Now that Thanksgiving is over, some people can’t wait to get their holiday decorations out and put up around the house.
While it might sound silly to say you can get hurt decorating, imagine how the 200 people who get hurt every day while decorating feel when they have to explain their injury. Because that’s how often it happens this time of year.
Many of those injuries can involve ladders.
“There are more falls putting up and taking down Christmas decorations each year than there should be,” said Dana Baiocco, the U.S. Consumer Product Safety Commissioner.
Any time you need a ladder to help decorate, it’s no longer just a solo project.
“We see that with older citizens, they get up on the ladder, there’s nobody there, they lose their balance fall while trying to hang or take down decorations.”
At the same time, you want to make sure that kids and pets aren’t running around underneath the ladder either.
“Don’t do it by youself, you want to have someone who helps you climb, helps you get down,” said Baiocco.
Likewise, once you’re safely on the ladder, Christmas lights can pose their own problems too.
“If you take them out of storage and you look at them and they have frayed wires, or they have cracked bulbs, or cracked sockets, don’t use them,” said Baiocco.

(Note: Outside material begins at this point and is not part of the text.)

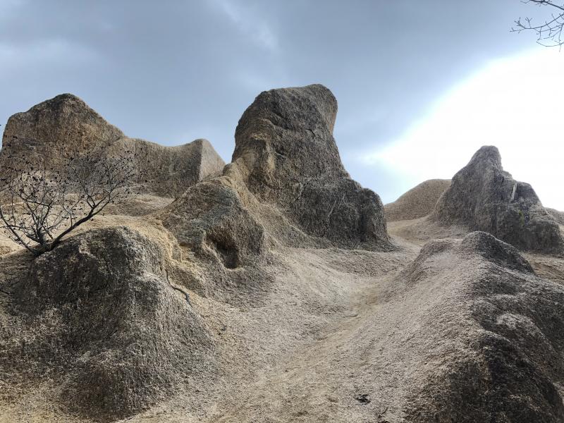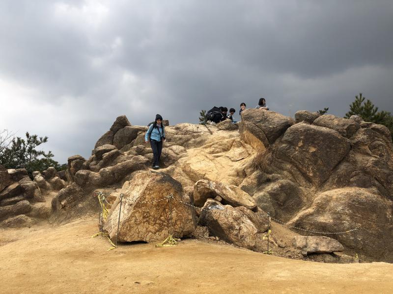 ・そのあとは、六甲アイランドが見渡せる広場のベンチで大休憩し、風吹岩へ。イノシシが一頭ウロウロしていたためか、ここで休憩する方の姿はありませんでした。(住みついているネコは3匹確認。元気そうでした)

In addition, “don’t use a stapler, and when you store them, don’t put them away wet.”
Believe it or not, some people put candles on trees too, which is a big no-no.
But at the same time, you want to be careful about the windowsills too. If a candle slips and nudges a curtain or a breeze sends it into the flame, it doesn’t take long for disaster to strike.
“Too many times somebody walks away from a candle that’s by a curtain or a drape,” said Baiocco.
At a demonstration day last month, it took less than a minute for a curtain that had caught fire to swamp a whole living room wall in flames. On a dried out Christmas tree, a fire that started had the whole room in flames even faster.
“Candles are so important,” she stressed. “Make sure you don’t leave them unattended and put them in a safe place, away from flammable fabrics.”